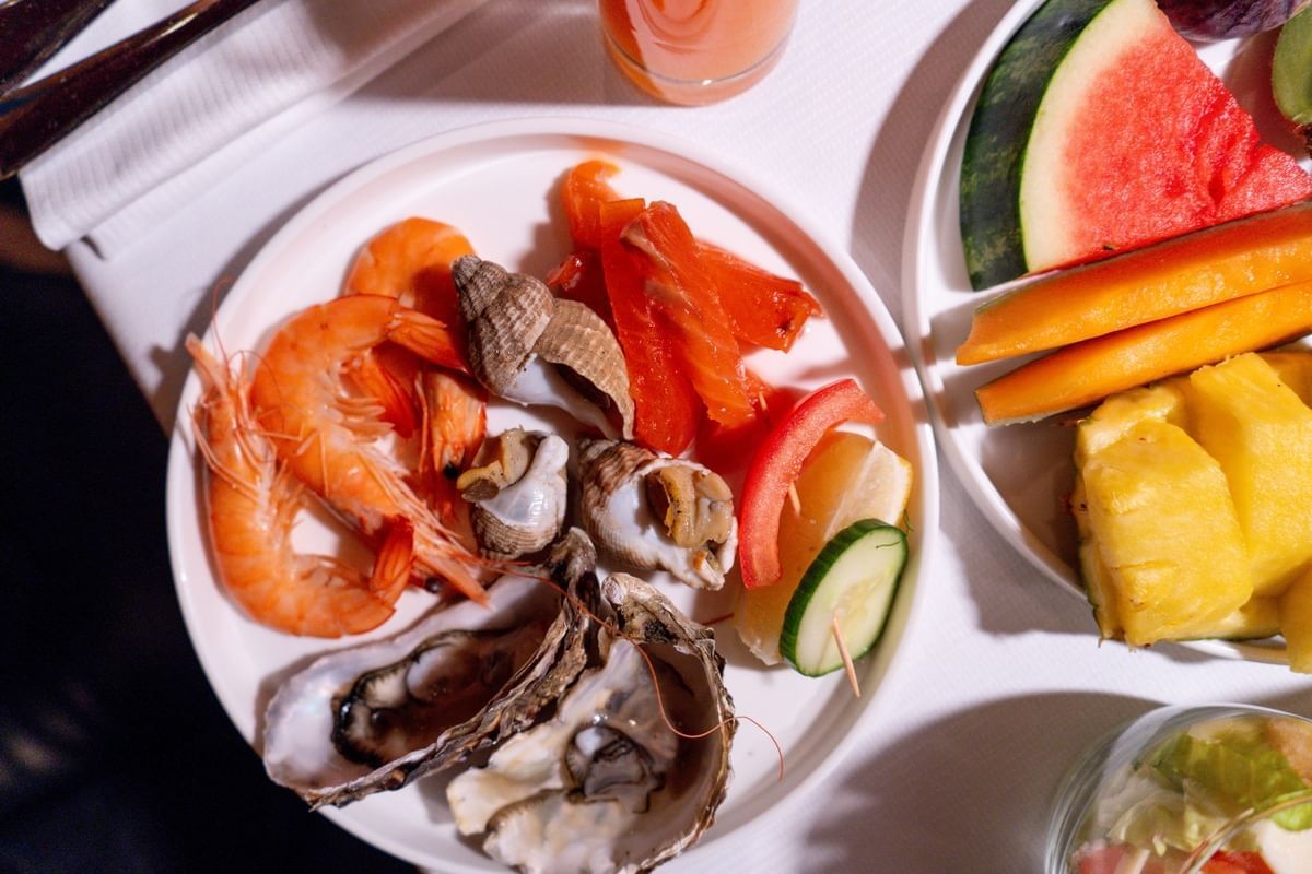 Seafood selection including oysters, whelks, prawns, smoked salmon, salmon gravlax, Parisian-style salmon, grilled vegetable salad with croutons and aged mimolette, avocado and shrimp salad, diced cucumber, fresh radishes, tomato and mozzarella verrines, hummus, maki rolls, quiches, smoked salmon rolls with creamy beetroot, foie gras, pâté en croûte, dry-cured ham, chorizo, coppa, bacon, chicken sausages, scrambled eggs, sautéed mushrooms, gyozas, crispy prawns, and a selection of aged cheeses.
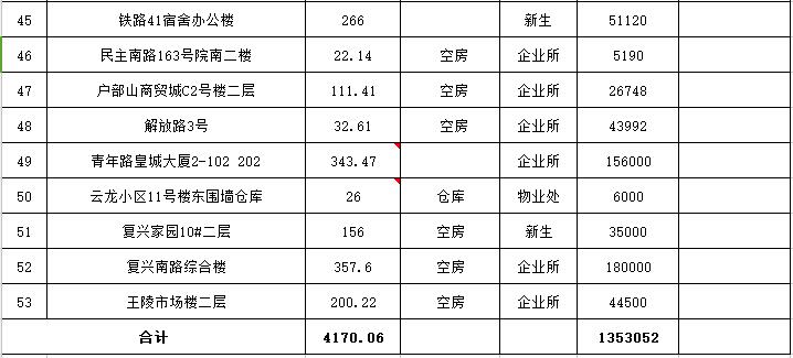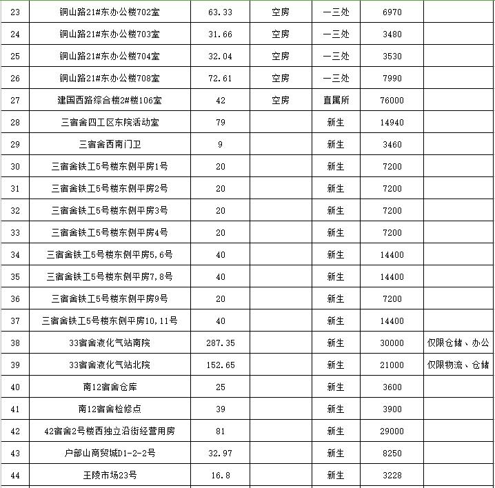 位于銅山路21#辦公房屋15處;位于建國西路2號(hào)樓辦公房屋5處;位于鐵路3宿舍10處、33宿舍2處、南12宿舍2處、41-42宿舍2處,其他分別位于王陵市場、復(fù)興南路、戶部山商貿(mào)城、皇城大廈、解放路3號(hào)、南門橋綜合樓等地。
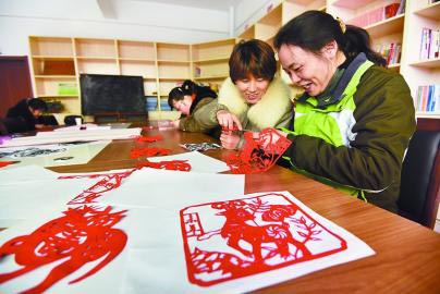 1月14日,东港区秦楼街道新城社区的居民正在制作剪纸作品。

• [What to work on]
Once the pictures are set aside, please output all the data word for word.

• [Answer section]
 Seafood selection including oysters, whelks, prawns, smoked salmon, salmon gravlax, Parisian-style salmon, grilled vegetable salad with croutons and aged mimolette, avocado and shrimp salad, diced cucumber, fresh radishes, tomato and mozzarella verrines, hummus, maki rolls, quiches, smoked salmon rolls with creamy beetroot, foie gras, pâté en croûte, dry-cured ham, chorizo, coppa, bacon, chicken sausages, scrambled eggs, sautéed mushrooms, gyozas, crispy prawns, and a selection of aged cheeses.
 位于銅山路21#辦公房屋15處;位于建國西路2號(hào)樓辦公房屋5處;位于鐵路3宿舍10處、33宿舍2處、南12宿舍2處、41-42宿舍2處,其他分別位于王陵市場、復(fù)興南路、戶部山商貿(mào)城、皇城大廈、解放路3號(hào)、南門橋綜合樓等地。
 1月14日,东港区秦楼街道新城社区的居民正在制作剪纸作品。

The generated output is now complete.